Il termine "traduzione" non riesce ad incorporare tutti i fattori che compongono il processo traduttivo, che deve tener conto anche del trasferimento linguistico ed interculturale. Questo processo ha come obiettivo l'effetto di equivalenza (=relazione tra unità di traduzione della LP e della LA stabilite al fine di riprodurre la funzione del discorso e del testo di partenza).

Essa si basa su:

  • Presenza testuale originale
  • Rappresentazione di questa presenza nell'ambito culturale di arrivo

L'equivalenza porta ad una proiezione e ad una interpretazione che mira ad estrarre il senso dal TP inserendolo nel contesto di un'altra cultura.

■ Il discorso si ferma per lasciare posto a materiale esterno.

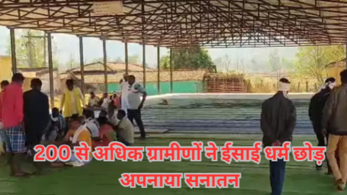 CG NEWS कांकेर — छत्तीसगढ़ के बस्तर संभाग अंतर्गत कांकेर जिले से एक बड़ी खबर सामने आ रही है। जिले के पीढापाल क्षेत्र में एक भव्य ‘घर वापसी’ कार्यक्रम का आयोजन किया गया, जिसमें 200 से अधिक ग्रामीणों ने ईसाई धर्म का त्याग कर अपने मूल सनातन धर्म में वापसी कर ली है। इस सामूहिक धर्मांतरण (वापसी) को क्षेत्र में हिंदू संगठनों की बड़ी सफलता के रूप में देखा जा रहा है।

Il concetto di equivalenza è relativo: si mira a raggiungere l'efficacia della comunicazione, cercando di creare un equilibrio, ma basta che cambi un elemento del rapporto tra TP e TA perché la caratteristica del testo non sia più l'equivalenza, bensì l'adeguatezza. Il testo tradotto, allora, funzionerà in rapporto alle esigenze e aspettative del pubblico d'arrivo, più che in rapporto al TP.

Il confronto tra sistemi linguistici e culturali

L'atto del tradurre comporta il confronto tra due sistemi linguistici diversi ma anche tra due culture diverse. È proprio nel continuo combinarsi di fattori linguistici ed extralinguistici che va individuata la complessa natura della traduzione. Al suo interno, come tutte le altre discipline, essa presenta tendenze, teorie, posizioni contrastanti: il risultato è una varietà di approcci, che privilegiano di volta in volta diversi aspetti del testo.

Si può quindi definire la traduzione come un processo mediante il quale una LP viene resa in una LA, in modo che il significato veicolato dalle due lingue sia il più possibile simile, in un quadro di sostanziale equivalenza. Il duplice trasferimento (interlinguistico e interculturale) comporta inevitabilmente una modificazione dell'enunciato primario. La portata dell'intervento del traduttore, però, può essere più o meno ampia.

Concetti distinti nella traduzione

Esistono dei concetti distinti, che contengono però svariate posizioni intermedie. Essi sono:

  • Adattamento: strategia impostata in funzione del pubblico di arrivo; il TP diventa un elemento secondario, perciò il testo vedrà dei consistenti cambiamenti rispetto all'originale.
  • Traduzione-calco: riproduce aspetti semantici, etimologici e temporali del TP. Un caso estremo di questo tipo di traduzione è Nabokov.
  • Traduzione letterale: rispetta le particolarità formali del TP conformandosi però agli usi grammaticali contenuti nella LA. Un tipo di traduzione letterale è la traduzione parola per parola che traspone nel TA gli elementi del TP senza modificarne l'ordine.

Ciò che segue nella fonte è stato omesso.